# P-897. Impact of a multi-faceted stewardship intervention on selection of guideline-concordant antibiotics for surgical prophylaxis in a large hospital system

**Authors:** Natalie Finch, Wesley J Hoffmann, Shivani Patel, Shemual Tsai, Muhammad Yasser Alsafadi

PMC · DOI: 10.1093/ofid/ofaf695.1105 · Open Forum Infectious Diseases · 2026-01-11

## TL;DR

A multi-faceted antimicrobial stewardship program improved the use of recommended antibiotics for surgical prophylaxis, especially in patients with penicillin allergies.

## Contribution

A multifaceted stewardship intervention increased adherence to surgical prophylaxis guidelines in a large hospital system.

## Key findings

- Overall antibiotic guideline adherence improved significantly after each intervention.
- Cefazolin use increased from 56.8% to 71.0% in penicillin-allergic patients.
- Non-beta-lactam use in low-risk penicillin allergy patients significantly declined.

## Abstract

Guideline adherence for antibiotic surgical prophylaxis is low nationwide, with use of non-preferred agents linked to worse outcomes.
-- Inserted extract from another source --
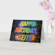 Este diseño multicolor y divertido de tarjetas de felicitación de cumpleaños incluye el mensaje "FELIZ CUMPLEAÑOS", y el nombre común "KEITH" con las letras que tienen un colorido espectro arcoiris como el patrón de color gradiente. El fondo del frente también presenta un patrón colorido inspirado en la apariencia de los fuegos artificiales de celebración que estallan. En el interior aparece un mensaje de saludo de personalizable, o tal vez se pueda borrar y dejar en blanco si se va a escribir un mensaje a mano. Una tarjeta de felicitación como esta podría ser una manera divertida de enviar un mensaje de cumpleaños personalizado a alguien llamado Keith. [~Z0000350]

Patients with reported penicillin allergies are less likely to receive cefazolin - the guideline-preferred antibiotic for most surgical procedures- and more likely to receive non-preferred antibiotics. To address this, we implemented a multi-faceted antimicrobial stewardship intervention across a large, multi-hospital healthcare system and evaluated the impact of three distinct interventions on surgical prophylaxis antibiotic selection.Figure 1:Interventions and Time PeriodsSurgical Prophylaxis Antibiotic Compliance Over Time

Interventions and Time Periods

Surgical Prophylaxis Antibiotic Compliance Over Time

We conducted a retrospective cohort study of adults (≥18 years) who underwent a surgical procedure requiring antibiotic prophylaxis across the eight hospital Houston Methodist (HM) Healthcare System (July 2023-March 2025). Only the first procedure per encounter was included. Patients were grouped by intervention period and evaluated for adherence to recommended antibiotic regimens within the HM System Guidelines for Surgical Prophylaxis (Figure 1).The primary outcome was overall guideline regimen adherence. Secondary outcomes included guideline regimen adherence and incidence of cefazolin use among penicillin allergic patients and incidence of non-beta-lactam use in patients with low-risk PEN-FAST scores (score 0-2).Figure 3:Non-Beta-Lactam Use in Low-Risk PEN-FAST Scores

Non-Beta-Lactam Use in Low-Risk PEN-FAST Scores

Surgical prophylaxis antibiotic compliance improved significantly after each intervention compared to the pre-intervention period in both the overall and penicillin-allergic populations (Figure 2). In penicillin-allergic patients, cefazolin use increased from 56.8% to 71.0% (p< 0.001), demonstrating an increase in first-line regimen selection despite presence of a penicillin allergy. After implementing a nurse-driven PEN-FAST screening and adjusting cephalosporin cross-reactivity alerts, non-beta-lactam use in low-risk penicillin allergy patients (PEN-FAST score 0-2) significantly declined (p< 0.001; Figure 3).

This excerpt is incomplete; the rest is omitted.